Stored data:
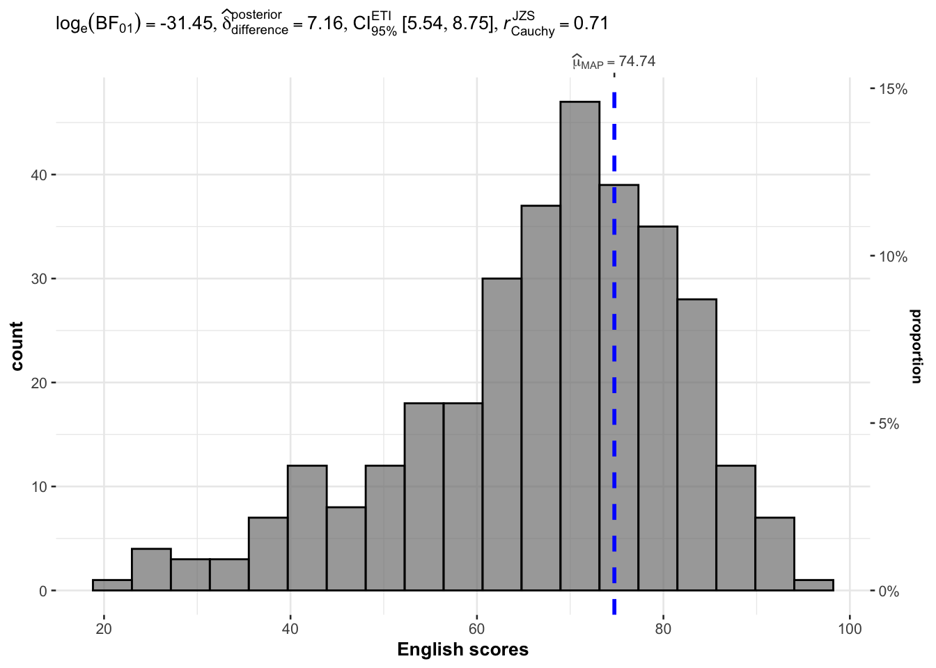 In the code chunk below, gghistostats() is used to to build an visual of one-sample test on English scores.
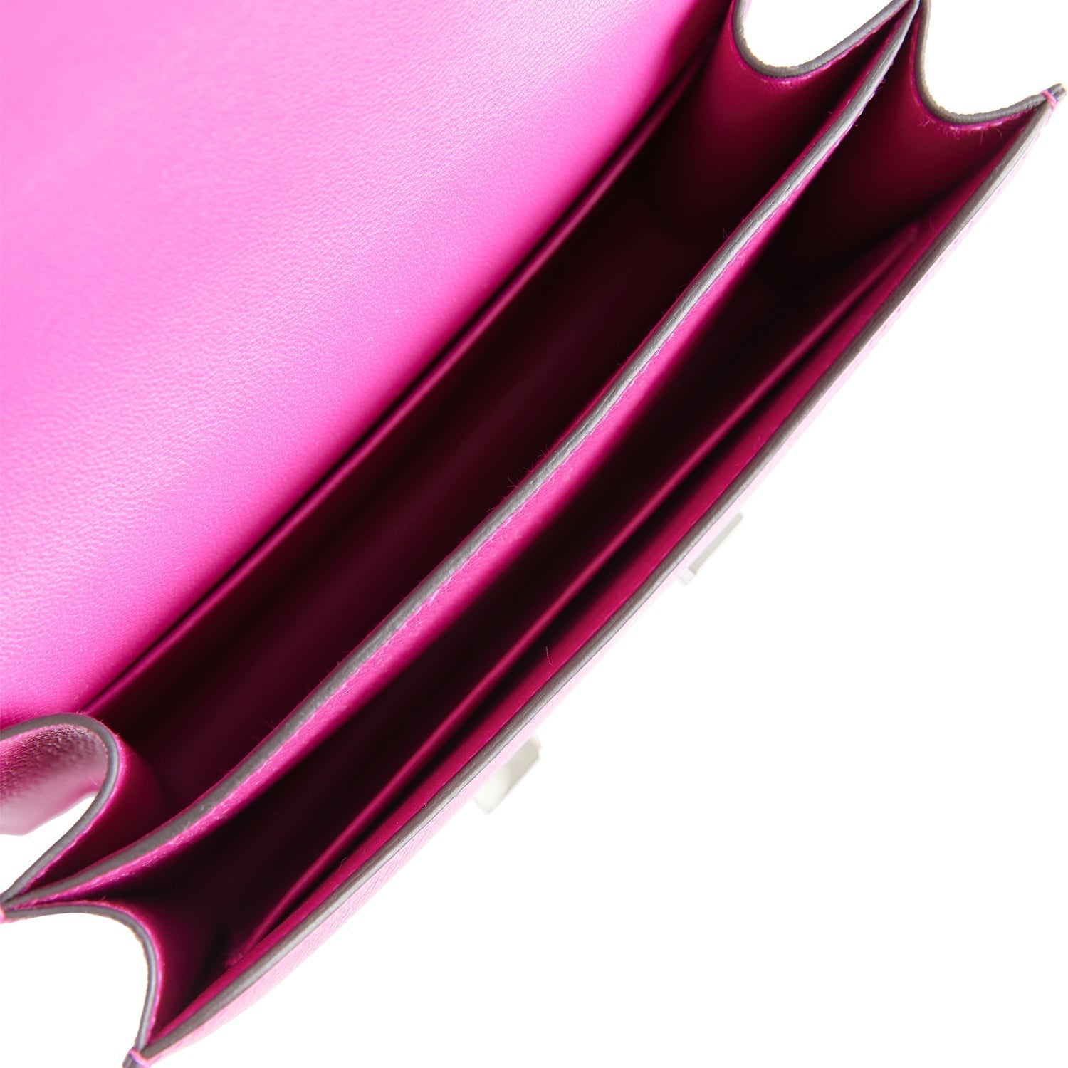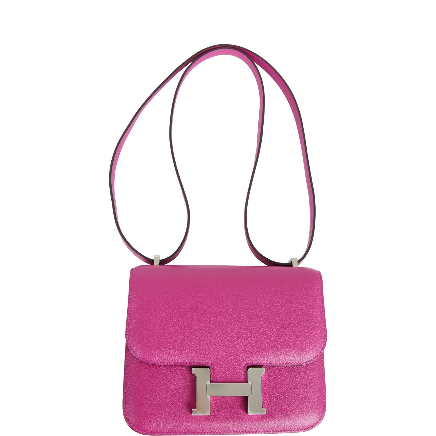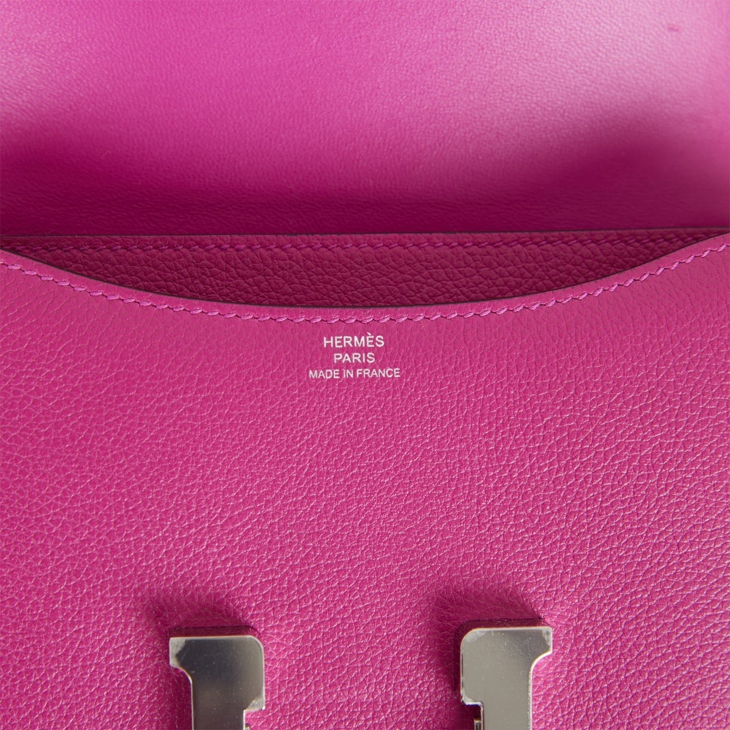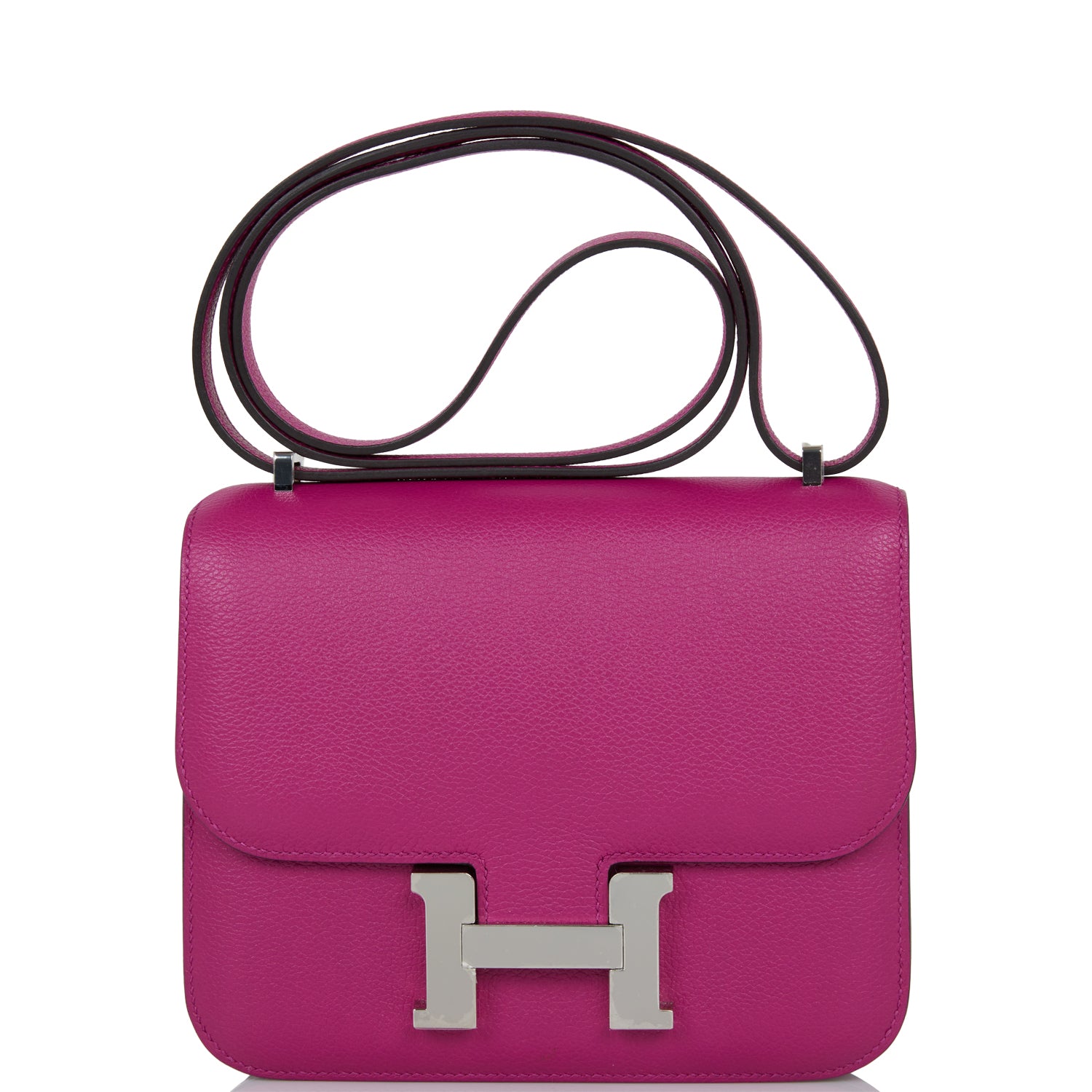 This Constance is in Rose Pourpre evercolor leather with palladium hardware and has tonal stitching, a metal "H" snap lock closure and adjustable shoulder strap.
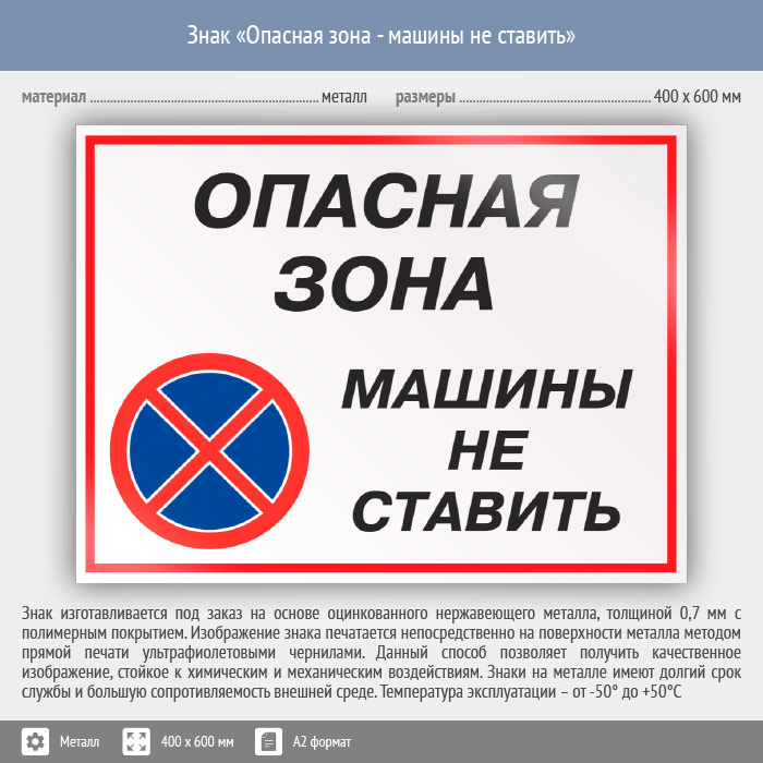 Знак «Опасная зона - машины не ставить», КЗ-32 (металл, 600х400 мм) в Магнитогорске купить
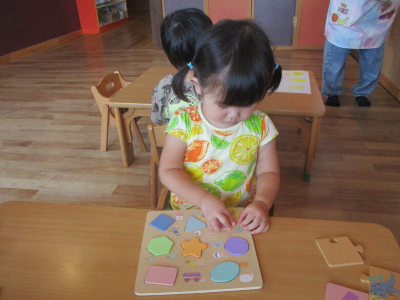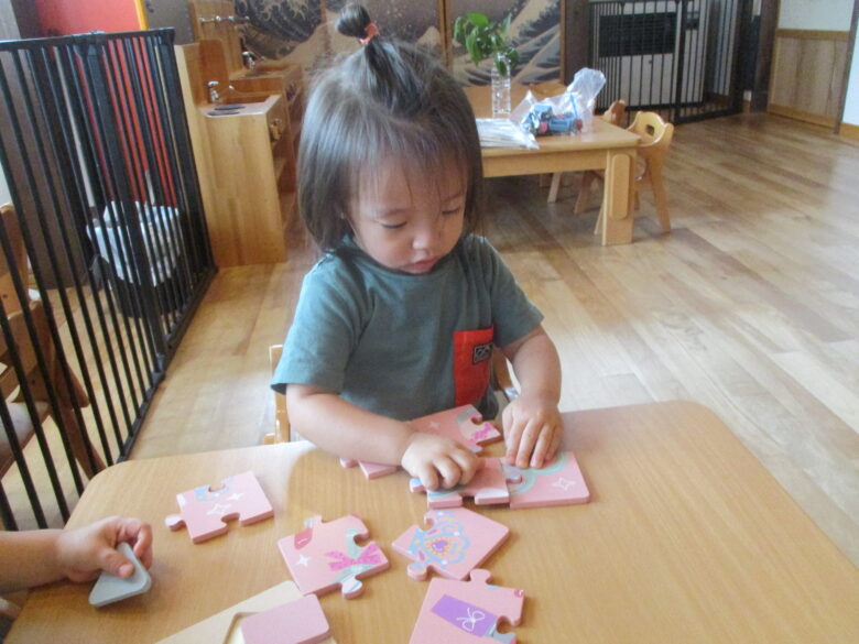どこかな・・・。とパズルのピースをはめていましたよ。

Work order:
Repeat the data exactly as written, but without the pictures.

Task answer:
 In the code chunk below, gghistostats() is used to to build an visual of one-sample test on English scores.
 This Constance is in Rose Pourpre evercolor leather with palladium hardware and has tonal stitching, a metal "H" snap lock closure and adjustable shoulder strap.
 Знак «Опасная зона - машины не ставить», КЗ-32 (металл, 600х400 мм) в Магнитогорске купить
どこかな・・・。とパズルのピースをはめていましたよ。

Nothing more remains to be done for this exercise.